Aretha Outshines Cast at Divas Show

ByABC News
April 13, 2001, 7:23 PM

April 11 -- While VH1's yearly Divas Live concerts have become an important franchise, while also providing solid revenue for the channel's noble Save the Music charity, the show itself has now moved so far afield from its original intent, it's tough to know what to make of it.

Last night's disjointed evening from Radio City Music Hall in New York was further proof that producers ought to take this concept back to its roots, scrap it altogether, or at least rename it.

Though worthy honoree Aretha Franklin was in terrific vocal form (when is she not?), the rest was little more than a kitchen-sink mish-mash of conflicting promo agendas and rag-tag hosting that had almost nothing to do with the show's now-meaningless title.

Predictably, the Queen of Soul wiped the floor with this year's crop of instant "divas" dispatched to flutter around her nowhere more obviously than during the show's "Freeway of Love" finale, when overrated singers such as Mary J. Blige, Jill Scott, and a trio of wayward Backstreet Boys all but disappeared in her wake, much as they had all evening.

Only an unbilled Stevie Wonder, who sneaked onstage in the final moments, held his own during the number. Why he wasn't an integral part of the evening, which is rebroadcast tonight at 8 p.m. and throughout the month, is unclear.

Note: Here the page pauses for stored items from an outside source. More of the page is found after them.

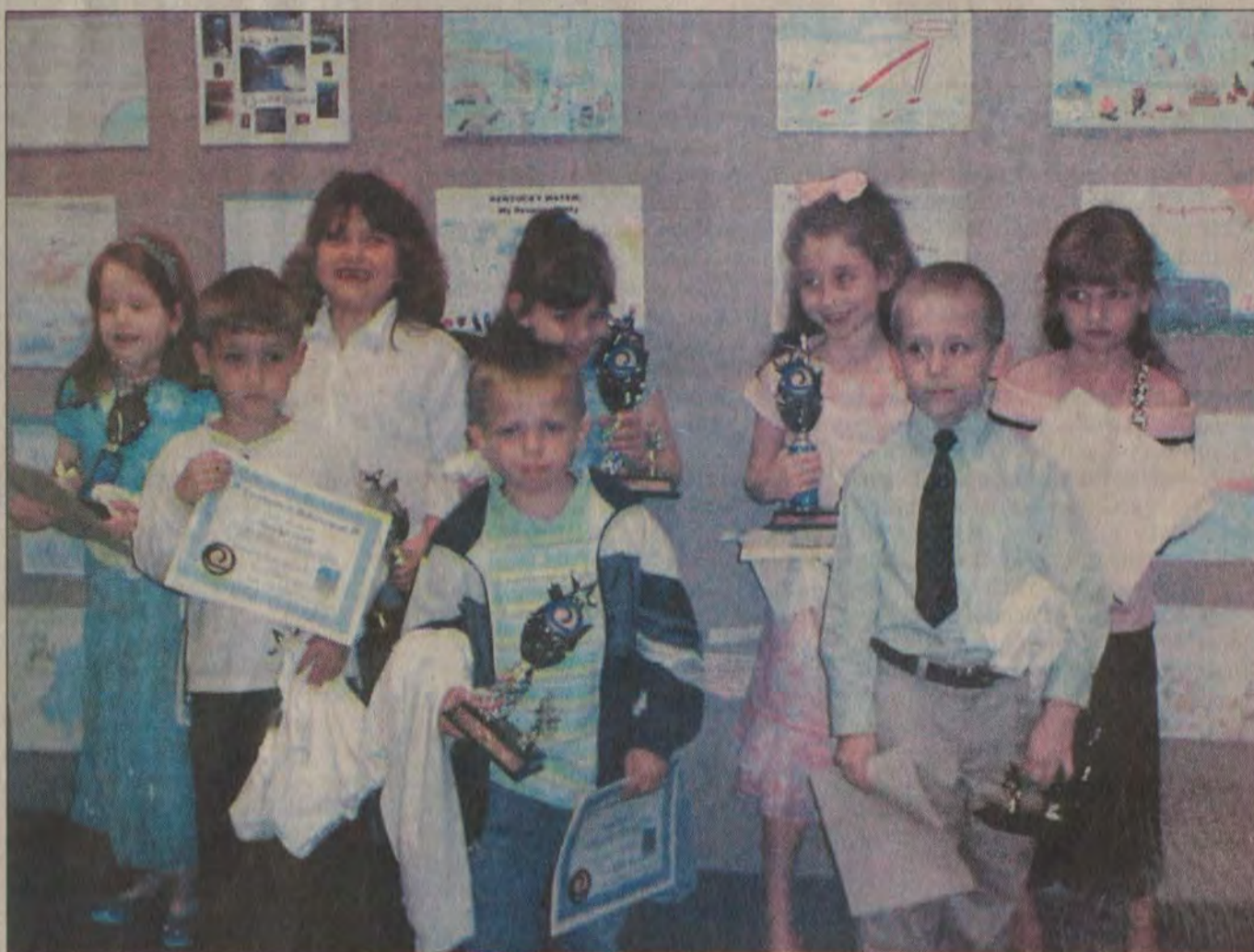
Some smiling faces with their winning awards.

The Floyd County Conservation District thanks everyone who participated in this year's FCCD events and activities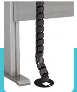
Flex Wire Management FCM490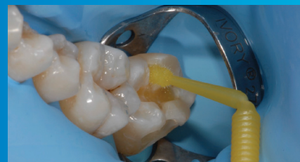
Fig. 3: After selective enamel etching, Single Bond Universal Adhesive was applied.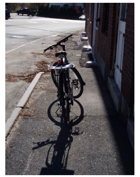
Figure 3: Poor sidewalk design discourages walkability.

This inadequate sidewalk on Main Street narrows down to nothing by the end of the building. At that point bikers and pedestrians must compete with traffic rushing to the turnpike interchanges a short way ahead.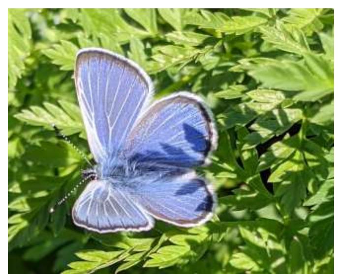
Silvery blue butterfly ( Glaucopsyche lygdamus ) photographed in Alum Rock Park March 2021. This image reminds your editor of the now extinct Xerces blue butterfly. The conservation group known as the Xerces Society is named after the Xerces blue.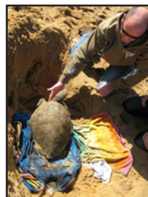
On the move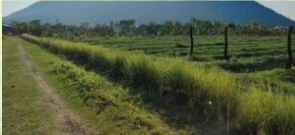
Vetiver Network International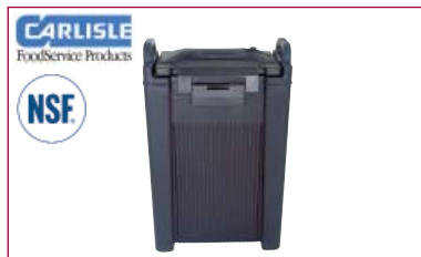
Carlisle Insulated XT Beverage Server

FEATURES: With sure-latch wide design latches which have three times the latch area of other beverage servers for a secure seal. XT lid design and improved O-ring seal eliminate leaks during transport; convenient pop-up vent.

Instead, producers left Blige and Scott to salute Franklin with her hits "Day Dreaming" and "Natural Woman," respectively. At least they fared better than Salsa vet Celia Cruz, Marc Anthony, and emerging singer-songwriter Nelly Furtado, who seemed to have dropped in from Saturn for their incongruous segments.

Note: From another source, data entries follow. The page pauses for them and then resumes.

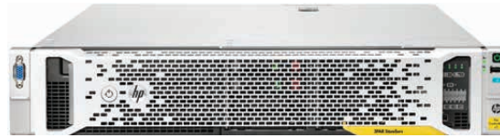
HPE 3PAR StoreServ File Controller v3

HPE 3PAR StoreServ File Controllers effectively serve thousands of concurrent users and multiple diverse workloads with autonomic space reclamation when files are deleted, non-intrusive sub file deduplication, and support for storage federation services. A range of encryption options, sophisticated data access controls for Microsoft Active Directory-based IT environments, and the ability to run endpoint protection and backup software onboard protects your data and your organization. This bulletproof protection is further enhanced by clustering HPE 3PAR StoreServ File Controllers for transparent failover and online rolling maintenance updates so that users can always access their data. Visit hp.com/go/3PAR/FileController .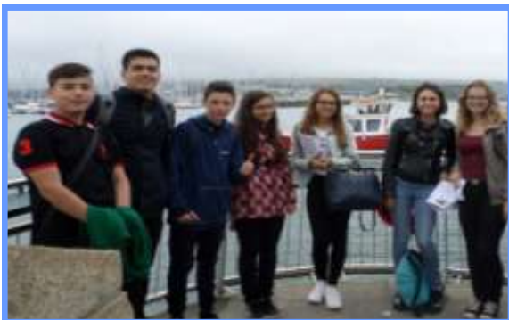
Induction & tour

Please check your Junior activity programme every day to see what activity you will be doing and what time you need to meet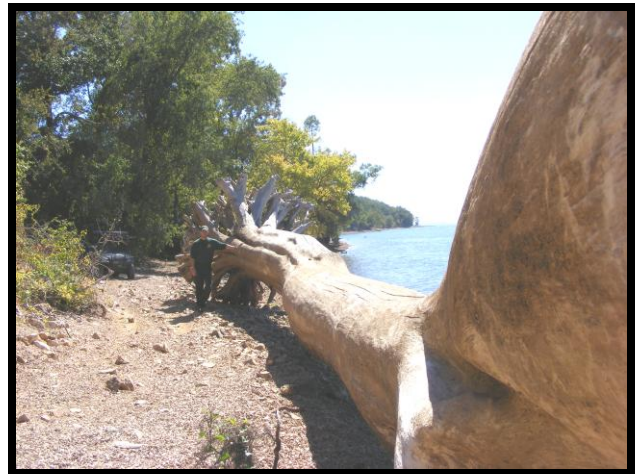
Driftwood washed up on shoreline from 2010 Flood

Like most other rivers and streams in the region, the Tennessee River and Cumberland River swelled to record stages in May 2010. Heavy rainfall in middle Tennessee compounded the amount of rain LBL received and significant flooding resulted across the region, including LBL.

Other than a dead-on spoof of "We Are the World" from the cast of Saturday Night Live, the highlights were Franklin's alone, as she traversed pop, rock, jazz, gospel, R&B, and even opera, pulling out Puccini's "Nessun Dorma," as she did at the '98 Grammys. There was also the requisite "Respect;" a brilliant, fast-paced "Think;" and a blithe jazz set with Herbie Hancock, Clark Terry, Roy Haynes, and other great old-timers.